ROMA – In un decennio di federalismo fiscale le tasse proprie delle Regioni sono salite del 38% e considerando gli aumenti programmati nel 2012 l’incremento è stato del 50%. Nello stesso periodo le imposte pagate allo Stato da cittadini e imprese sono aumentate del 31,6%. In compenso, si fa per dire, riceviamo servizi peggiori e abbiamo visto salire del 100% i costi della politica.

Questo paradosso spiega il fallimento del decentramento amministrativo all’italiana che avrebbe dovuto portare più efficienza con la razionalizzazione della spesa pubblica ma ha visto solo proliferare le strutture amministrative e i centri di spesa. Il ragionamento doveva essere, fidandosi almeno delle buone intenzioni, che se fossero aumentate le tasse delle strutture territoriali più vicine alle persone, più attente alle esigenze e alle peculiarità locali, si sarebbe risparmiato sul prelievo del distante e inefficiente governo centrale.

E’ andata all’opposto. Come ha sintetizzato con una battuta il ministro Piero Giarda, “è facile e divertente spendere soldi che non si guadagnano…” Battuta fino a un certo punto: dal 2002 a oggi le competenze delle Regioni non sono cambiate ma la sua spesa è cresciuta del 23%: ciò significa che è cresciuta solo per finanziare la moltiplicazione degli apparati, l’incremento indiscriminato del personale, l’espandersi a macchia d’olio dei centri di costo. Una enorme agenzia di collocamento, quindi, perché i cittadini, i sacrifici fiscali subiti non li hanno mai visti trasformarsi in una migliore offerta di servizi.

L’Irpef (l’addizionale regionale) è aumentata dal 2008 da 5,8 miliardi di euro di gettito a 9,7 miliardi. In base alla legge regionale questa addizionale può raddoppiare (e abbiamo visto come le aliquote in questo momento di spending review siano cresciute per tamponare le falle nei bilanci dissestati di alcune regioni. Quand’è che è cominciata questa splendida avventura nel segno del decentramento? Una data capitale è il 2000, governo D’Alema e ansia da prestazione “federalista”. Prima con l’assegnazione, attraverso il decreto legislativo del 18 febbraio 2000, del 25,7% dell’intero gettito Iva alle Regioni. Il 7 ottobre 2001 gli italiani hanno entusiasticamente approvato la riforma del Titolo V della Costituzione con il voto nel referendum  confermativo.

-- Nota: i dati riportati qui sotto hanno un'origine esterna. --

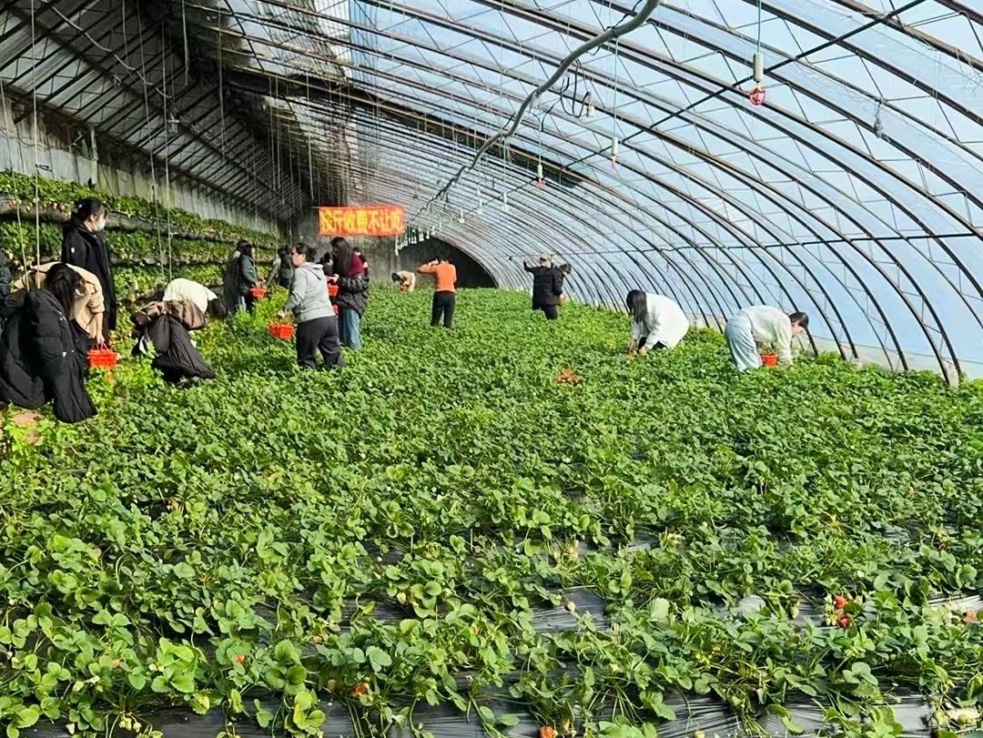 踏入草莓大棚,温暖的春日阳光洒在一排排整齐的田垄上,一阵甜美的果香迎面而来。抬眼望去,翠绿的叶片间点缀着诱人的一颗颗草莓,红彤彤的外表下藏着多汁的甜味,仿佛在向每一位前来的女教师招手。老师们手提篮子,在田垄间尽情地享受着采摘的乐趣。

L’attuale Governo sta cercando di correre ai ripari, sulla scorta di un disegno non rinviabile di razionalizzazione della spesa pubblica e sull’onda degli scandali dei consigli regionali, delle giunte che da nord a sud, da Fiorito a Lombardo, dalla Campania alla Lombardia hanno scoperchiato il vaso di Pandora della corruzione, del clientelismo, della mala gestione. L’esecutivo sta studiando una revisione del federalismo orientata a un maggior controllo della spesa e alla diminuzione dei costi della politica. Alla conferenza Stato Regioni i governatori hanno proposto l’eliminazione di un terzo dei consiglieri regionali, circa 300 addetti e, come abbiamo visto, tutta la corte che ogni consigliere si porta appresso tra assistenti, portaborse, creativi ecc..

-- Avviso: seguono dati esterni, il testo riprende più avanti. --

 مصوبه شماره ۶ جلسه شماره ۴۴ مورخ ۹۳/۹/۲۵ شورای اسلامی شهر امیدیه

C’era anche la Polverini dimissionaria (sulla carta) a perorare la causa del risparmio. Prima porto a casa la riduzione dei consiglieri, poi me ne posso andare. A parte che nel frattempo ha provveduto a qualche nomina, la giunta da lei presieduta ha deciso anche di impugnare le leggi sulla spending review, in particolare il riordino delle Province e la privatizzazione delle società pubbliche. Come dire, tu governo razionalizza quanto ti pare, ma non ti avvicinare ai nostri terreni di caccia preferiti, tipo Province, municipalizzate, società di servizi partecipate ecc.. Tanto a finanziarli ci pensano i cittadini, c’è sempre un’addizionale di riserva.